The U.S. Supreme Court on Monday handed a victory to Merck & Co – at least for now – by throwing out a lower court ruling that had revived hundreds of lawsuits accusing the company of failing to properly warn patients of debilitating thigh-bone fractures from taking its osteoporosis drug Fosamax.
The nine justices unanimously directed the Philadelphia-based 3rd U.S. Circuit Court of Appeals to reconsider its decision allowing the lawsuits to proceed even though federal regulators had rebuffed Merck when the company sought to add a warning to Fosamax’s label about the fracture risk.
The decision added clarity to a defense used by drug makers against product liability claims in which they argue that such litigation is preempted under federal law and the U.S. Constitution when a federal agency takes certain actions, as the Food and Drug Administration did in this case.
In a decision written by Justice Stephen Breyer, the court said that judges, not juries, must decide disputes over preemption, and that a drug manufacturer must show that it “fully informed” the FDA of the need for a warning before it was rebuffed. Lower courts now must revisit the case reflecting the Supreme Court’s guidance.
Merck’s shares traded up slightly on Monday morning, at $78.91.
Fosamax helps prevent and treat osteoporosis, a condition that can lead to bone fractures, in women who have gone through menopause. But it may increase the risk of fractures in the thigh bone or just below the hip joint, often requiring surgical intervention.

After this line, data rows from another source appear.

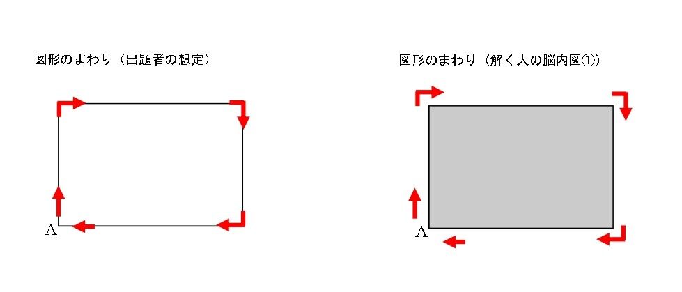 出題者の想定ではさっきの問題は3+5+3+5=16cmが答えなのですが、解く人が上の図の(脳内図①)みたいに考えていると、「長方形からどれぐらい離れて周るんだろう」と考えてフリーズしているのかも知れません。そりゃ解けないね(涙)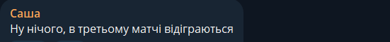 Саша: Ну ничего, в третьем матче отыгрываются.
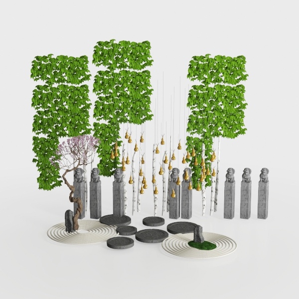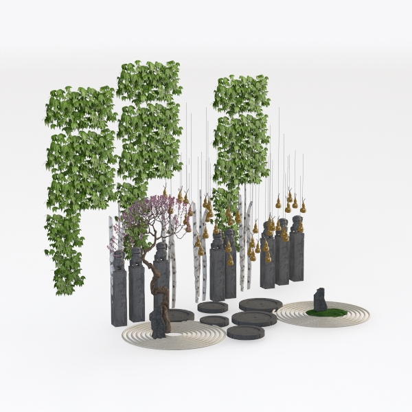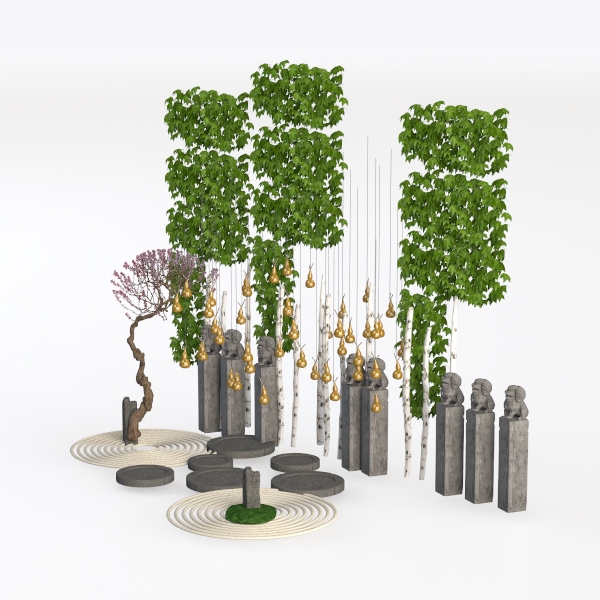 This design scene blends natural elements with geometric precision, drawing inspiration from traditional Eastern garden aesthetics reimagined through a modern lens. The composition features lush, lifelike greenery—thick, vibrant leaves that evoke a sense of living nature—paired with weathered gray stone pillars, each topped with subtle, stylized animal heads, adding a touch of timeless cultural character. Delicate, golden teardrop-shaped elements hang gracefully between the pillars, their metallic sheen catching light to create soft, warm reflections.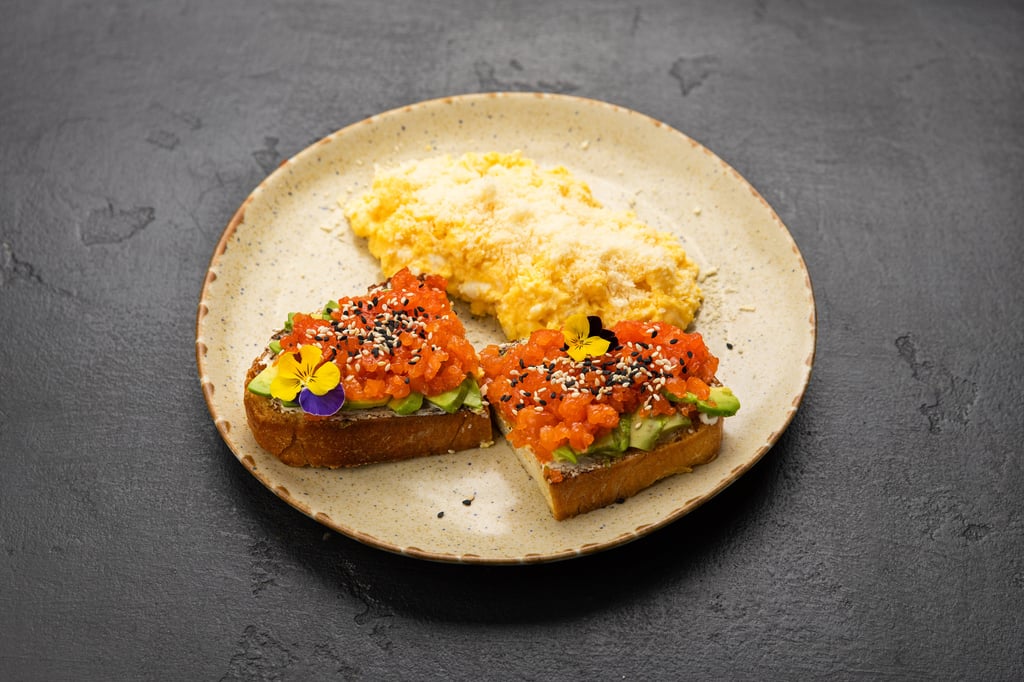 скрембл з вершками, крафтовий хліб , підсмажений з вершковим маслом, з крем-сиром та авокадо. Подається з скибочками слабосоленого лосося, посипається кунжутом та пармезаном
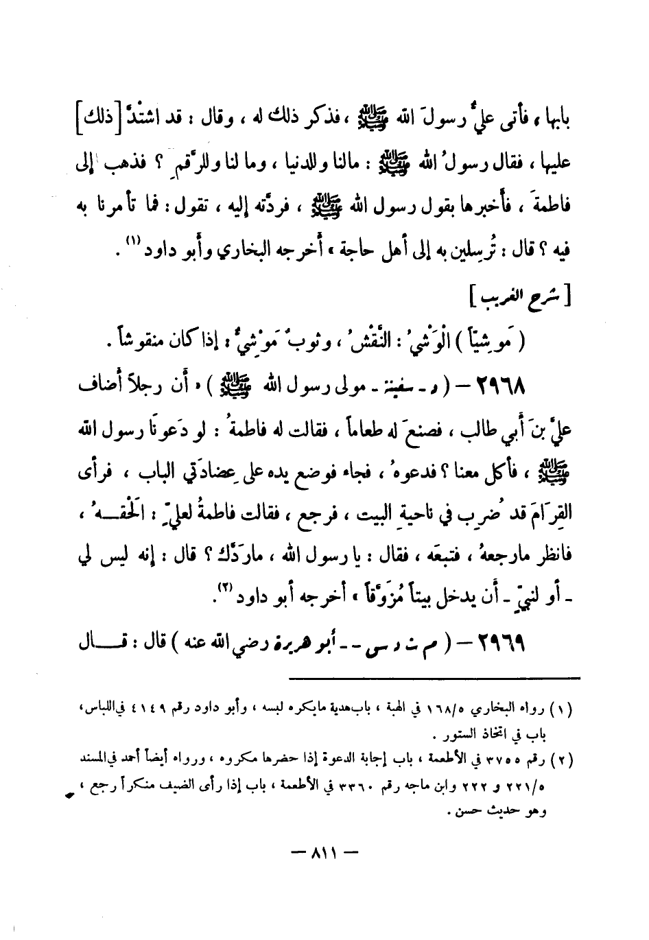 2968 - (د) سفينة - مولى رسول الله - صلى الله عليه وسلم-: «أن رجلاً أَضاف عليَّ بنَ أبي طالب، فصنعَ له طعاماً، فقالت له فاطمةُ: لو دَعونَا رسول الله - صلى الله عليه وسلم-، فأكل معنا؟ فدعوهُ، فجاء فوضع يده على عِضادَتي الباب، فرأى القِرَامَ قد ضُرِب في ناحيةِ البيت، فرجع، فقالت: فاطمةُ لعليٍّ: الحَقهُ، فانظر ما رَجعهُ، فتبعَه، فقال: يا رسول الله، ما رَدَّك؟ قال: إِنه ليس لي - أو لنبيٍّ - أَن يدخل بيتاً مُزَوَّقاً» . أَخرجه أبو داود (¬1) .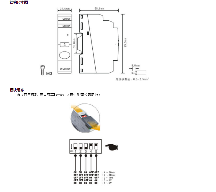 通過內(nèi)置USB組態(tài)口或DIP開關(guān),可自行組態(tài)儀表參數(shù)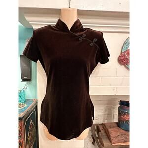 CHOCOLATE BROWN VELVET SHORT SLEEVED TOP FROM HENRI BENDEL. ASIAN STYLE FROG CLOSURES. MEASUREMENTS IN PHOTOS.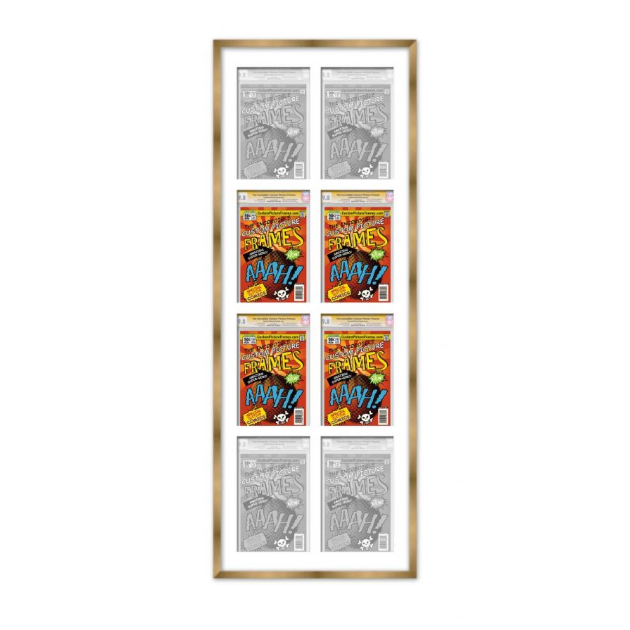 Share your comic collection by putting your comic books on display in a high-quality wood frame. Includes nesting foam to snuggly and securely hold your comic books in place. This frame features a gold finish and your choice of black or white acid-free matting to display 8 graded comic books vertically. Also included are a UV-resistant acrylic protective front, foam board backing, easel stand, and wall hanging hardware. This frame displays eight CGC, CBCS or PGX graded comic books measuring 8.125x13 inches. This moulding is 0.75 inches wide. The overall dimensions of this frame are 22.5x60 inches. Includes nesting foam to snuggly and securely hold your comic books in place. This graded comic book frame for your CGC, CBCS or PGX graded comic books makes a great gift or addition to your home or office! Display your prized comic book collection in style with a handcrafted frame by Custom Picture Frames.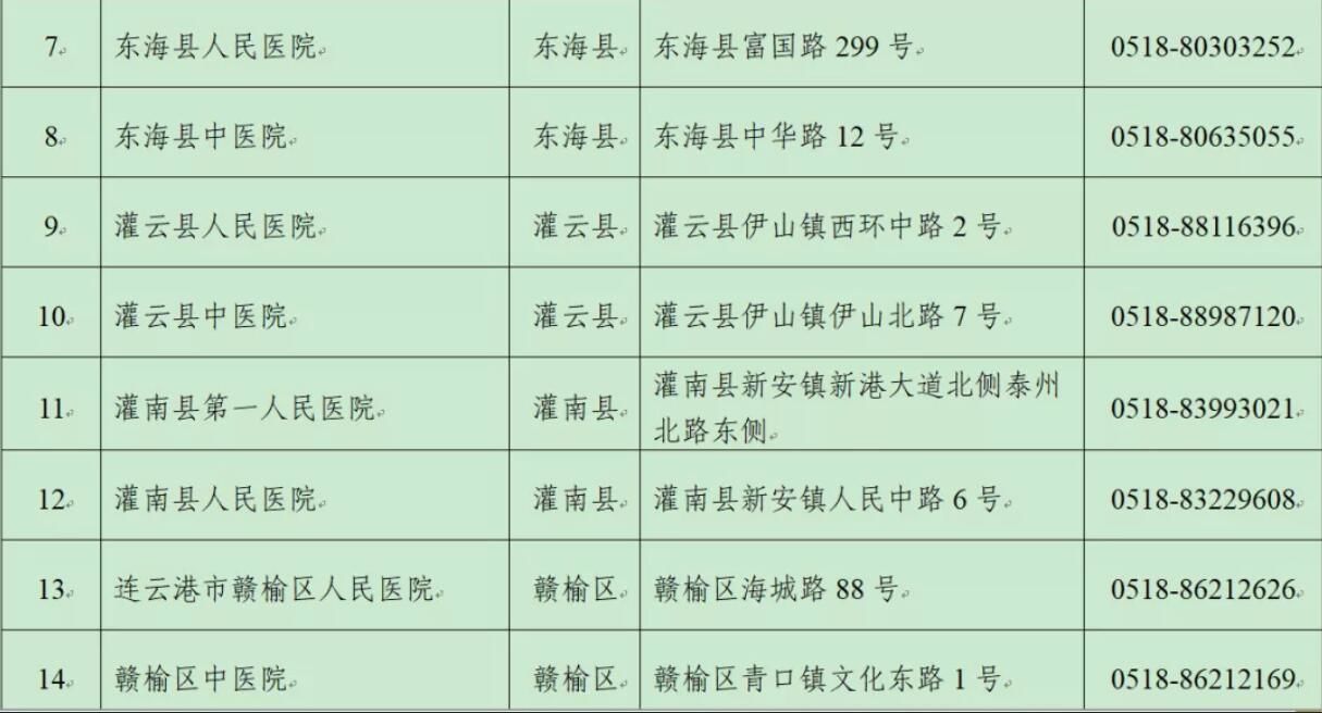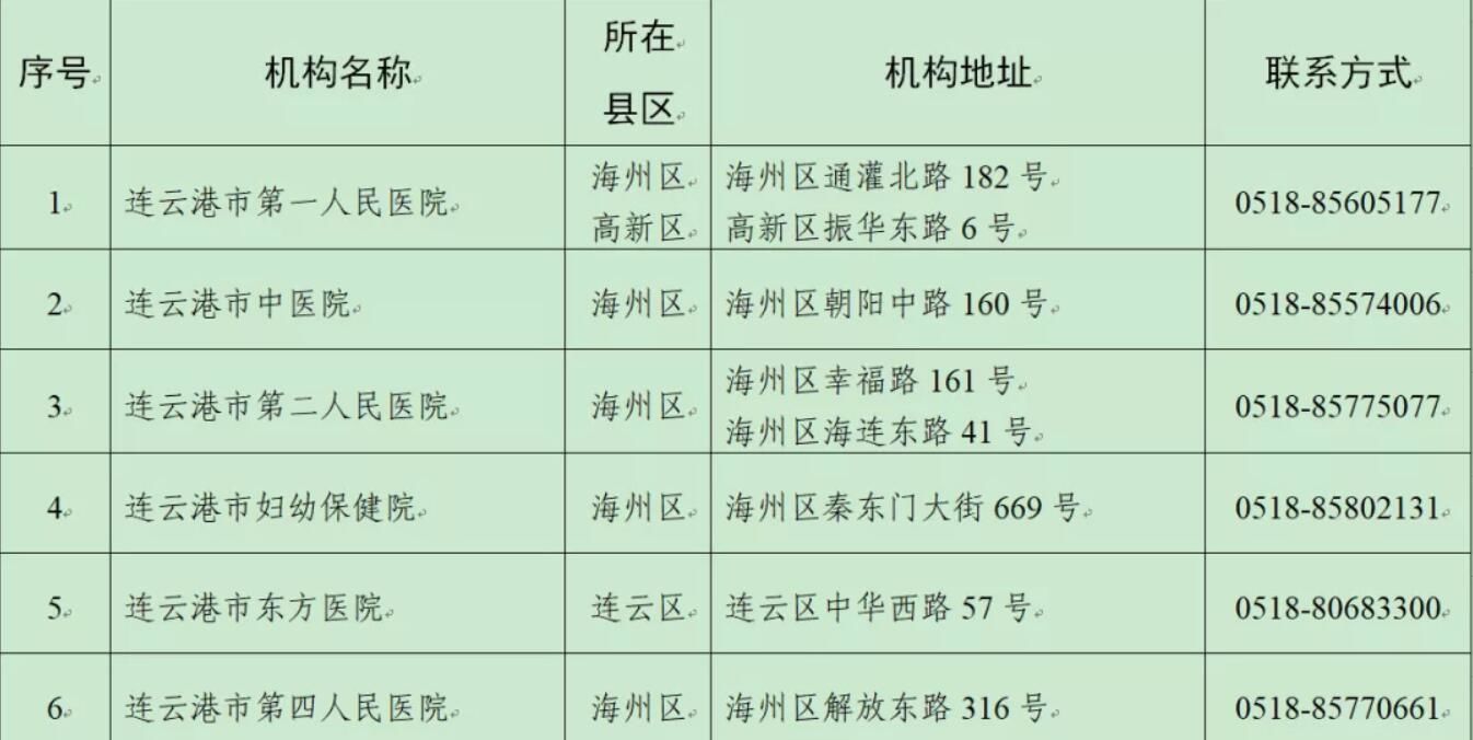 连云港市具备核酸检测能力的医疗卫生单位名单

Sales of Fosamax, also available as a generic drug, totaled $209 million in 2018, according to Merck.
The New Jersey-based company in 2008 submitted data to the FDA suggesting Fosamax might be linked to certain bone fractures, but the FDA denied its warning label proposal. After a task force further studied the issue, the FDA in 2010 ordered manufacturers to revise labels to include a warning, which Merck did.
The plaintiffs contend that the FDA rejected only Merck’s proposed language for the warning that focused on relatively minor stress fractures rather than the more serious fractures they suffered.
Fosamax users sued Merck in federal courts alleging the drug caused them to sustain serious thigh bone fractures and that the company failed to warn of the risk. The number of cases has swelled to more than 1,000.
A federal trial court in New Jersey threw out the cases, but in 2017 the 3rd Circuit allowed the claims to proceed to trial, ruling that a jury could find that the FDA had objected only to Merck’s phrasing of the proposed warning label.
At issue in the case was whether a pharmaceutical company can be held liable under state laws for failing to warn about a health risk associated with a drug in instances in which the FDA rejected a company proposal to add a warning label to the medication about the risk.
Merck argued that because under the Constitution federal law generally trumps state law, it cannot be penalized for not taking an action that the FDA did not allow.
Merck, backed by President Donald Trump’s administration, had told the justices in a brief, “If manufacturers must face tort suits even when the FDA has made clear that no warning is necessary, they will continue to face an onslaught of troubling, coercive litigation.”